We’ve never been strangers to disruption in the supply chain, but lately, we keep getting hit with ones we just didn’t expect. In some cases, cascading disruptions like the winter storm in Texas caused utilities to fail, knocking out critical upstream capacity in petrochemicals and semiconductors. This failure, in turn, is still wreaking havoc on a much wider swath of downstream industries reliant on ready supply of those critical ingredients. In others, it’s the proverbial 100-year event that now seems to arrive every few years. #2020
What Might Come Next?
Later this spring, the Gartner Supply Chain Research team will publish the results of a study showing some supply chains as more successful at minimising exposure to all manner of disruptions. These organisations think differently about designing in mitigating characteristics and capabilities compared to most traditional supply chains. Perhaps this is the best we can do — shore up the castle walls and hope they weather whatever storm comes next.

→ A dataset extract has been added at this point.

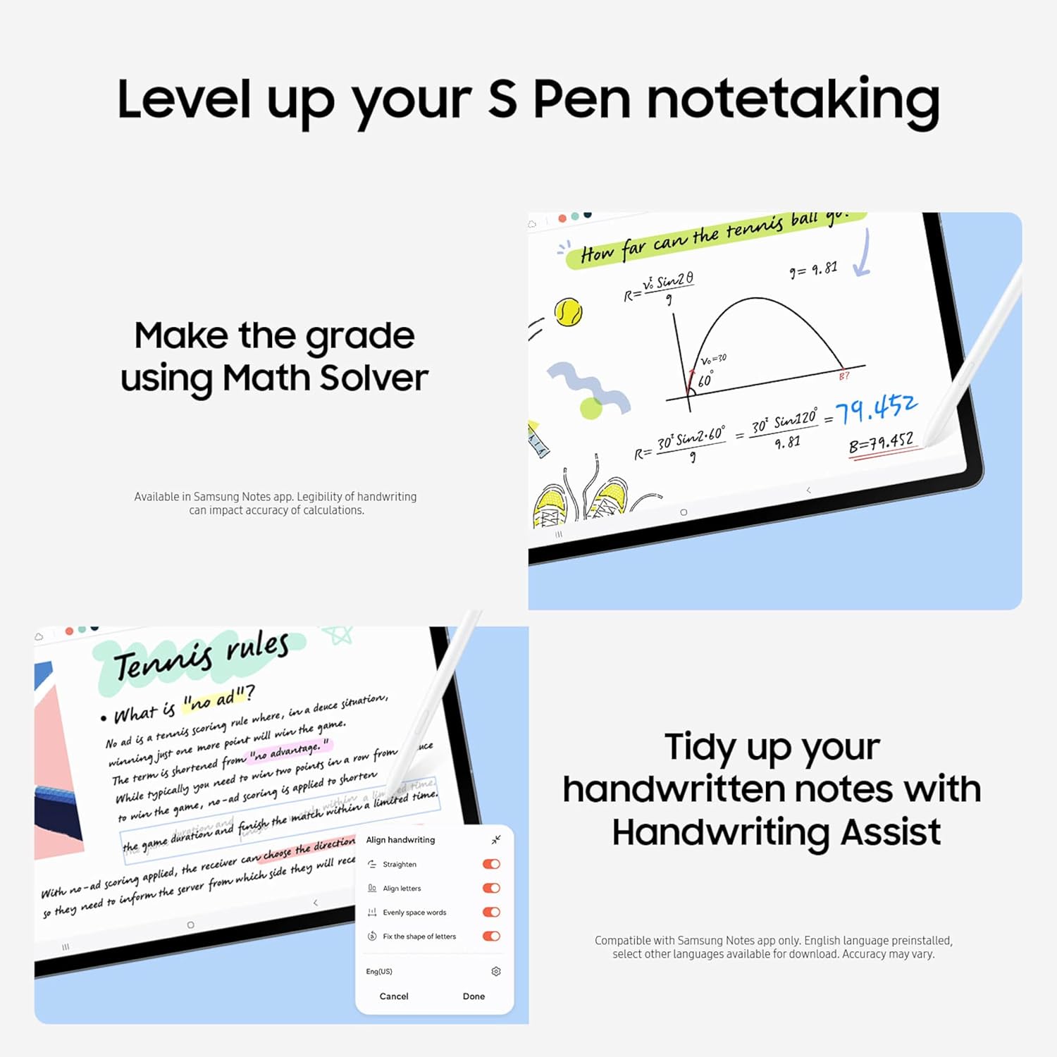 - DOES THE MATH FOR YOU: Make the grades using Math Solver.⁴ Simply use your S Pen to write out an equation on your screen. Math Solver can clean up your equations by turning them into text, just like that.

On the other hand, we are planners in the supply chain. There’s got to be a way to bring some of these unexpected risks onto our registers, right? Maybe we just need to channel our inner Debbie Downer and open our minds to the possibilities. In this spirit, here are a few disruptors lurking right at the edge of our day-to-day.
A Massive Cyber Attack
The secret, unwanted code may already be sitting on your company’s servers, lying in wait for the trigger date or event. Imagine an attack that shuts down not only your own systems (email, ERP, partner portals, etc.) but at the same time those of some of your customers, suppliers, and strategic partners. Cyberattacks are the modern-day version of a Cold War strike. As tensions between East and West escalate, the probability of an attack making it past the firewall will only increase. In some cases, perpetrators’ motives may be purely financial or anarchistic in nature, but the net result is the same. In total, the financial impact of cybercrime is expected to reach $US10.5 trillion by 2025. To put this in perspective, a country of that size would run the third-largest economy in the world.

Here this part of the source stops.